La energía primaria es en estos casos el gas natural. «España importa hoy el 43,4% de su consumo de gas de Argelia; el segundo suministrador es Nigeria con el 18% pero cuyo transporte es por barco». (Manuel Valencia. Diario Información 26-VII-2021). A España llega por dos gaseoductos, uno directo y otro a través del Estrecho cruzando por Marruecos. Aceptar las recientes pretensiones marroquíes habría supuesto un probable enfrentamiento con Argelia.

Algo parecido le sucede a Alemania, que importa el gas natural de Rusia a través de Ucrania. El enfrentamiento de Ucrania con Rusia ha limitado seriamente el envío de gas natural. Por otra parte, Trump boicoteó y amenazó con serias sanciones la construcción del nuevo gasoducto Nord Stream 2 por el Mar Báltico, al que también se oponen Polonia y Ucrania. Parece que la reciente entrevista de Joe Biden con Merkel habría apaciguado la situación y los americanos no piden la paralización de las obras. El gaseoducto es imprescindible para la economía germana.

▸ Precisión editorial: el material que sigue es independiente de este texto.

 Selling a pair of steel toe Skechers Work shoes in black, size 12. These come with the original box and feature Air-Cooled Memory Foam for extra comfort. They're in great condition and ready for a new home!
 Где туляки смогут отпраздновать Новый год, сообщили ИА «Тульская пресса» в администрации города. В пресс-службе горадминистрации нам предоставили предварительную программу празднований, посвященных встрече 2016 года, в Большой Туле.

Un tercer factor es la conexión gasística entre España y centro Europa, Alemania principalmente, al que los franceses se oponen por cuestiones «ecológicas», dicen.

El precio del gas bate récords y se debe, según dicen, a las restricciones rusas a la producción, y la fuerte demanda de China. Habría que añadir las inversiones especulativas en los «mercados de futuros» de los grandes fondos de inversión. Son compras con anticipación para revender luego. El precio de la energía que utilizamos es el precio de las centrales de ciclo combinado, además, estas centrales tienen que pagar los derechos de emisión de CO2, lo que encarece aún más. Aunque la mayoría de la producción sea de renovables, toda se paga al precio de la mas cara. Este es el sistema de cálculo del precio en toda la UE para conseguir el equilibrio en emisiones en 2030, por eso la subida de precios es general. En la factura española hay que añadir los peajes – coste de las redes de transporte y distribución- cargos- insularidad, fomento de renovables- e impuestos, es lo que el gobierno ha bajado del 21% al 10%.

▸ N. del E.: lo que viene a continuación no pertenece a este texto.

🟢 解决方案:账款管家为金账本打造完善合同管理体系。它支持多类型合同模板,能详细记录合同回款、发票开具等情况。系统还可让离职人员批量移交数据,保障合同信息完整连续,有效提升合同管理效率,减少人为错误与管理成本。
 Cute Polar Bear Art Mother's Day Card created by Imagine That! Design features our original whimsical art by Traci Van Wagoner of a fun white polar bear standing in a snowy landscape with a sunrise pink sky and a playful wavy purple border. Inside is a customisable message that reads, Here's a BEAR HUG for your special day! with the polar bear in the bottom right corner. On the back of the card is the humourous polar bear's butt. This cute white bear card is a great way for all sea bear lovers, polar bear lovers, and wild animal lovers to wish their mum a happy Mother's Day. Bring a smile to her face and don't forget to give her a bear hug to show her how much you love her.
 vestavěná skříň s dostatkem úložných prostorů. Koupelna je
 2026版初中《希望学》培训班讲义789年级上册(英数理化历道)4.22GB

Está bien penalizar las emisiones de CO2, incentivar y facilitar las inversiones en energías renovables, incluso la moratoria nuclear; pero eso exige ahorro en las facturas domésticas, eliminar la pobreza energética. No debemos depender de potencias extracomunitarias que pueden provocar graves desigualdades y problemas sociales que den al traste con el plan. La Comisión Europea debe solucionarlo, y revisar el sistema de cálculo de precios.